The Elinor Tourville Bennett Charitable Trust will provide annual income to the College of Medicine that will be made available as loans to students who are Vermont residents, with a minimum payback period of 10 years after the student has completed residency training.

"This loan fund — made possible by the extraordinary generosity and foresight of Elinor Bennett — will impact the education of Vermont medical students in perpetuity," said UVM College of Medicine Interim Dean John P. Fogarty, M.D. "This will allow students to more easily manage the burden of educational debt during their earlier years as physicians."

According to the Association of American Medical Colleges, the reported average 2006 graduate indebtedness at UVM's College of Medicine was $134,306.

The new loan fund joins the Freeman Medical Scholars Program as a significant form of financial assistance to medical students at UVM. The Freeman program, established by the Freeman Foundation, offers $10,000 annual scholarships to UVM medical students who express a commitment to return to practice in Vermont after completing medical school and residency training.
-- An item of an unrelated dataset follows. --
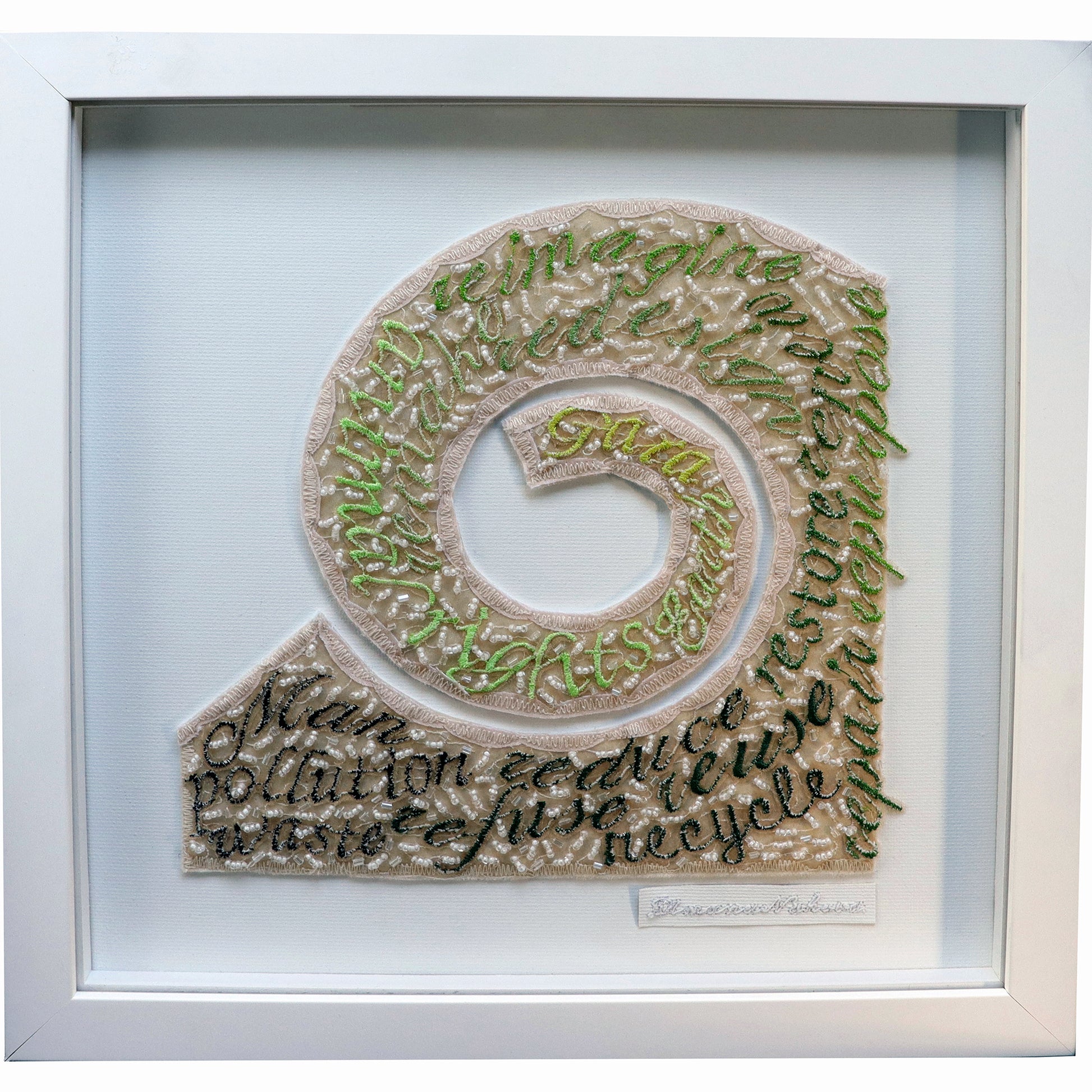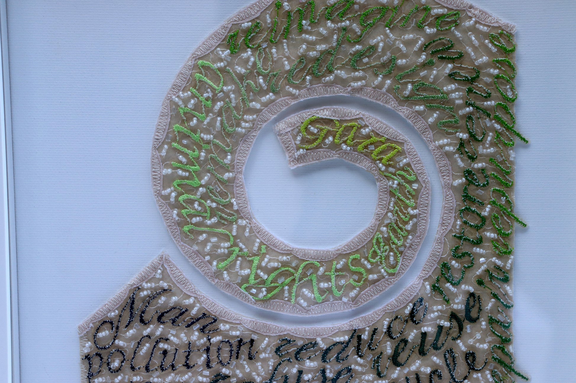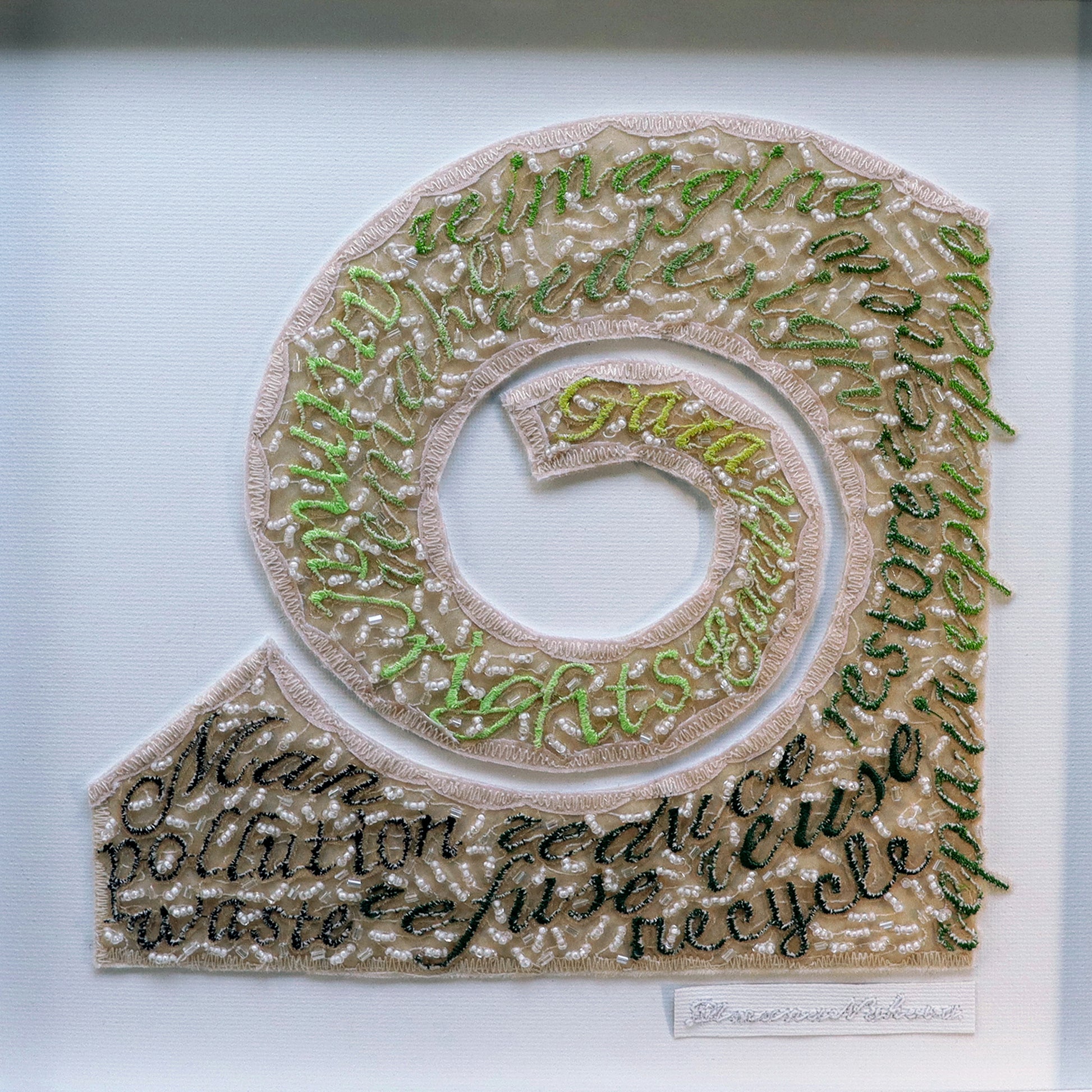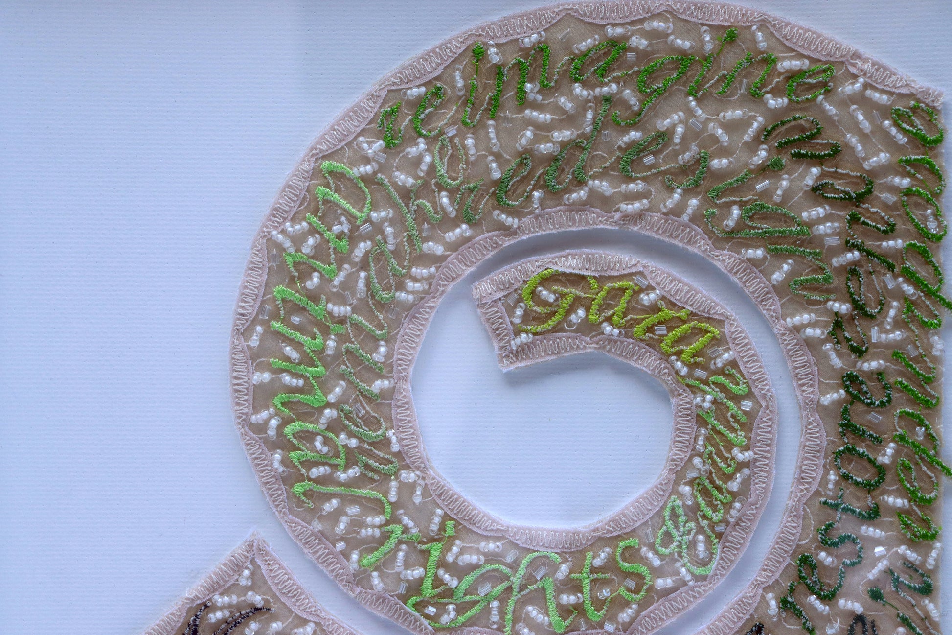 - materials: hand died silk organza, digitally embroidered words, hand beaded and stitched, felt

Mrs. Bennett was born in Burlington on May 6, 1920, the daughter of the owners of a Cadillac dealership on North Avenue. A 1938 graduate of Burlington High School, she worked for years as a dental assistant in the Burlington area. Her home on the lake on Appletree Point was built by her father in 1930. In 1960, she married Wilfred Tourville, who passed away in 1969. Then in 1976, she married Thomas Bennett, who died in 1979.

Mrs. Bennett was a Florida resident beginning in the 1970s, but she retained a strong affinity for Burlington and considered Vermont her home. She always returned to her Appletree Point property during the summer.

Formerly a member of the Burlington Theater Club and active in her church and community, Mrs. Bennett endured a series of health issues during the 20 years before her death on June 25, 2006. The positive experiences and relationships she developed with the physicians who cared for her during that time inspired her to bequeath most of her estate to the College of Medicine.

Mrs. Bennett's closest friend, South Burlington resident and Overhead Door Company owner Rita Johnson, first met the former Elinor Bergeron through her sister when they were children. But it was not until Mrs. Bennett suffered a stroke in 1994 that they became close.

"I admired her inner strength," said Johnson. "She had a lot of faith in her doctors and was very pleased that her gift would help people who wanted to be doctors."